Richard Brown Posted October 20, 2022 at 06:19 PM Report Share Posted October 20, 2022 at 06:19 PM On 10/20/2022 at 9:05 AM, Tomm said: The motion was simply a house cleaning motion. @TommOK, let's hold up a minute here. All through this thread you were telling us that the member tried to offer a motion to amend the articles of incorporation and the chair ruled it out of order, apparently because it wasn't in the form of a resolution and because the board must recommend amendments to the articles of incorporation. Now you telling us that it was "simply a house cleaning motion". Well, what exactly was it? A motion to amend the articles of incorporation does not strike me as a "simple house cleaning motion". Quote Link to comment Share on other sites More sharing options...
Tomm Posted October 20, 2022 at 06:33 PM Author Report Share Posted October 20, 2022 at 06:33 PM On 10/20/2022 at 11:19 AM, Richard Brown said: A motion to amend the articles of incorporation does not strike me as a "simple house cleaning motion". That's all it was but apparently the Board believes it must still go thru the process of getting approved by the general membership. How else would you suggest that when the state statutes and bylaws change their nomenclature and no longer coincided with the current Articles of Incorporation you update them? Are you suggesting that no amendments are necessary? Quote Link to comment Share on other sites More sharing options...
Gary Novosielski Posted October 20, 2022 at 06:46 PM Report Share Posted October 20, 2022 at 06:46 PM (edited) The board is correct. Any amendment, even adding an Oxford comma, requires going through the full amendment process, which in this case includes approval by the general membership. Strictly speaking, even if no amendment was done, the state statutes that apply to your organization would supersede the outdated language in the bylaws, so there would be no negative grave consequences. But to avoid confusion, it is still strongly recommended that the articles/constitution/bylaws/etc. of an organization be updated, either to agree with the statutory language, or to simply strike the outdated language, if that would cause no ambiguity. Edited October 21, 2022 at 06:18 AM by Gary Novosielski adjust severity Quote Link to comment Share on other sites More sharing options...

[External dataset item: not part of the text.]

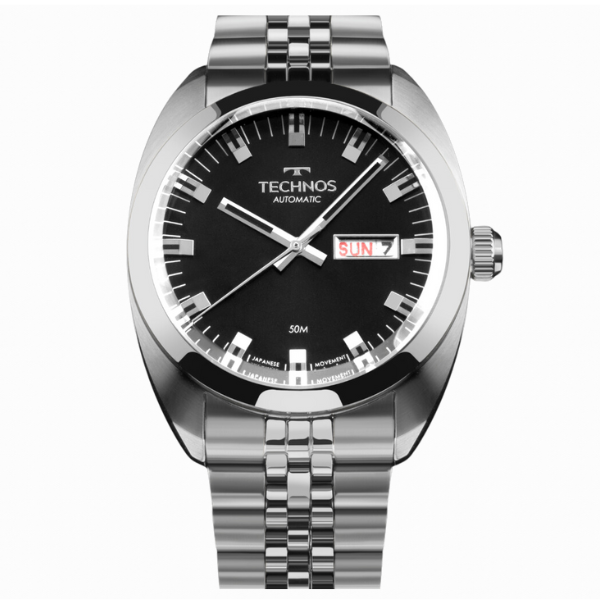 Para celebrar o centenário da Technos, apresentamos uma coleção especial em homenagem ao ano de chegada da Technos ao Brasil, em 1958, com design inspirado nos relógios lançados pela marca na década de 50. São modelos com maquinismo automático japonês, com presença do day-date, 21 jewels e reserva de marcha de 42 horas. Todos os modelos da coleção apresentam lente com acabamento facetado, fundo de vidro rosqueado e acompanham estojo especial. Produto 100% em aço inoxidável, com maquinismo automático japonês e resistência à água de 50 metros.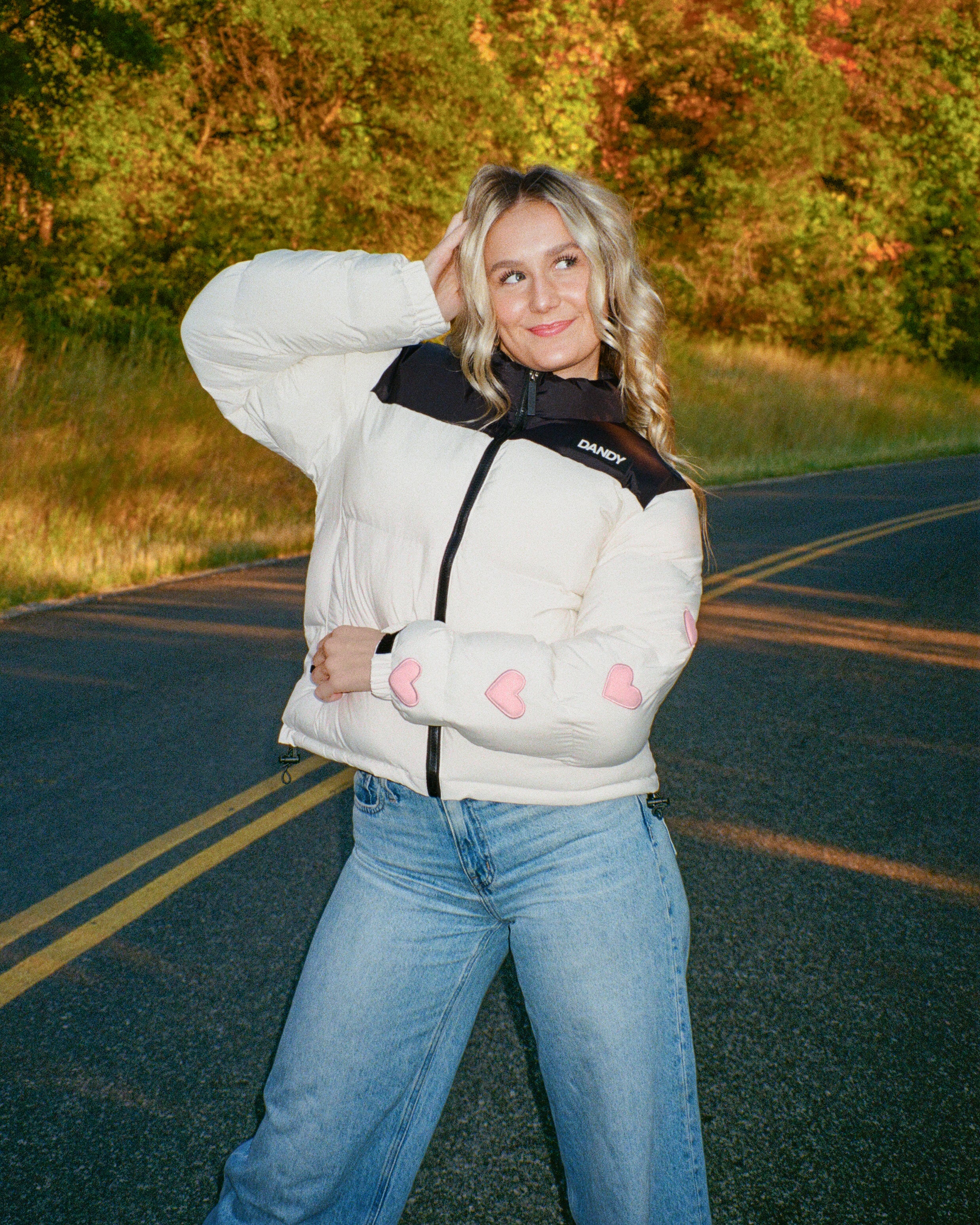"Heart on My Sleeve" Puffer Jacket in Cream

Josh Martin Posted October 21, 2022 at 01:43 AM Report Share Posted October 21, 2022 at 01:43 AM (edited) On 10/20/2022 at 8:52 AM, Tomm said: An individual board member proposed to send an amendment directly to the membership, on his own, without board approval; Yes. Thank you for the clarification. Under the provisions you have cited, an individual board member lacks the authority to submit an amendment to the membership. The articles state that an amendment may be submitted by the Board of Directors or by petition of 25% of the membership. On 10/20/2022 at 1:33 PM, Tomm said: That's all it was but apparently the Board believes it must still go thru the process of getting approved by the general membership. The board is correct. The Articles of Incorporation provide that amendments may be proposed by the board or by a petition of 25% of the members and further provide that a proposal to amend the articles of incorporation must be adopted by a vote of the membership. I do not see anything in the language cited which states "unless it is a simple house cleaning motion." On 10/20/2022 at 1:33 PM, Tomm said: How else would you suggest that when the state statutes and bylaws change their nomenclature and no longer coincided with the current Articles of Incorporation you update them? You update them the same way as adopting any other amendment to the articles of incorporation. Edited October 21, 2022 at 01:44 AM by Josh Martin Quote Link to comment Share on other sites More sharing options...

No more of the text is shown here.